A voz seca e distante era igual à de quando, no passado, ele perguntara se ela desejava casar-se com ele.
— Eu… — Qin Yumai abaixou a cabeça, tremendo. Sabia que ele já percebera tudo. Queria controlar o tremor, mas era inútil — temia demais aquelas pessoas da casa do general.
— A nobre consorte nunca pediu nada a mim.

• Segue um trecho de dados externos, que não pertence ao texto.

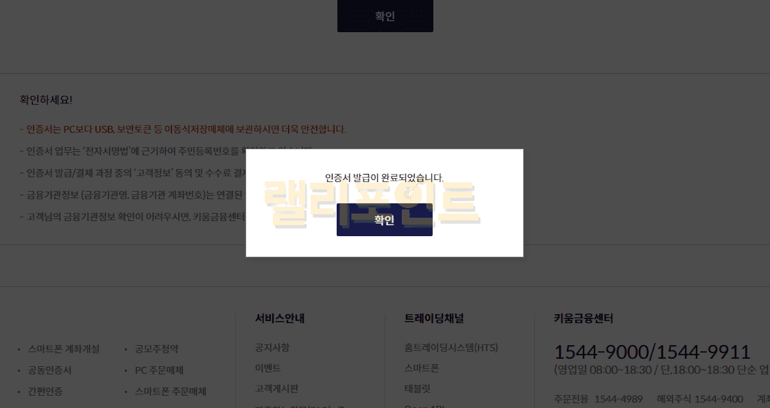 - PC에서 키움증권 공동인증서 발급이 완료되었습니다.

Este pedido, eu concedo — disse Xi Moyi, batendo levemente em suas costas e se afastando com frieza.
— Majestade? — Qin Yumai olhou-o, surpresa, ainda assustada.

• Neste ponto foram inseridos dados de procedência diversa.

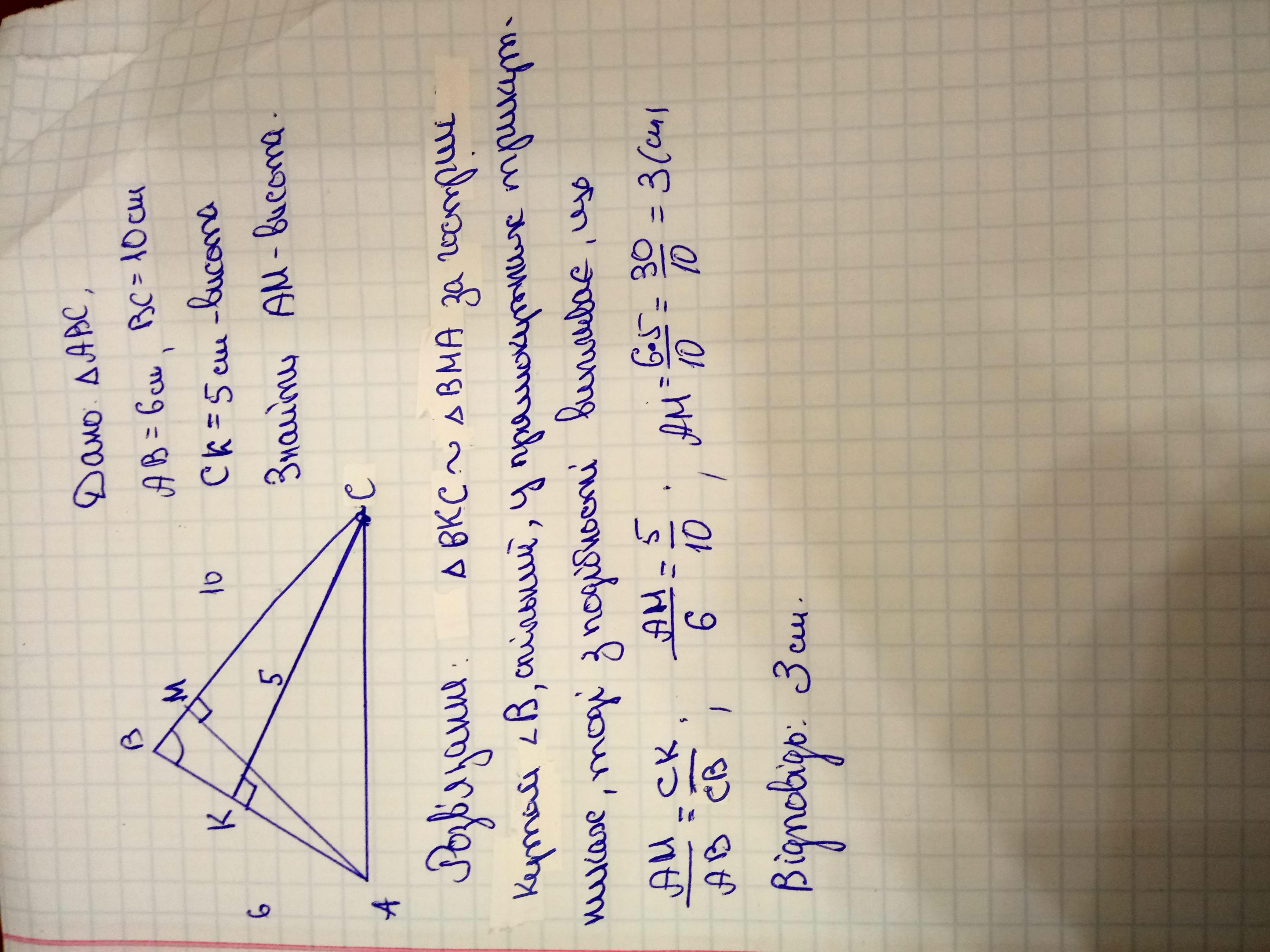 дві сторони трикутника дорівнюють 10 см і 6 см а висота що проведена до меншої з цих сторін -5см знайдіть висоту проведену до більшої з двох даних сторін

Xi Moyi não tornou a fitá-la, apenas ordenou à criada Qing’er, que esperava à porta:
— Esta noite, permanecerei no Palácio Daimai.
Qing’er, radiante, correu para providenciar os preparativos.
No Palácio Hexi, Hu Xizi sentou-se no batente da porta e esperou até o entardecer, mas Xi Moyi não retornou.
O tempo definido para o “Projeto Dama Perfeita” já havia expirado e o sistema se desligara automaticamente. Ela realmente não entendia o que Xi Moyi pretendia. Por que não declarava logo sua vitória? Aquilo só a deixava mais nervosa.
Fuer arrumou o jantar e serviu Hu Xizi. Com olhar atento, Hu Xizi percebeu uma silhueta sumindo na porta.
Levantou-se de súbito, atravessou o batente e gritou para a figura:
— Pare! Para onde vai?
Zhao Qin, um pouco constrangido, voltou-se e sorriu sem jeito:
— Só estou dando uma volta, senhorita.
— Precisa ser tão sorrateiro só para dar uma volta? — perguntou Hu Xizi, desconfiada.
Zhao Qin trocou um olhar com Fuer, bateu o pé e disse:
— Eu sabia que não conseguiríamos esconder isso da senhorita.
Hu Xizi olhou de um para o outro e perguntou:
— O que estão aprontando pelas minhas costas?
Fuer baixou a cabeça e respondeu:
— Senhorita, não vou mais esconder. O imperador vai passar a noite no Palácio Daimai hoje.
Ficar no Palácio Daimai? A consorte se feriu, é natural que receba consolo.
Hu Xizi assentiu, tranquila, e fez um gesto para Zhao Qin:
— Vá logo! Se chegar tarde, ele vai te punir de novo!
Dito isso, entrou decidida, sentou-se diante da mesa farta e começou a comer com satisfação.
Fuer e Zhao Qin se entreolharam, surpresos — ela realmente não ficou nem um pouco abalada?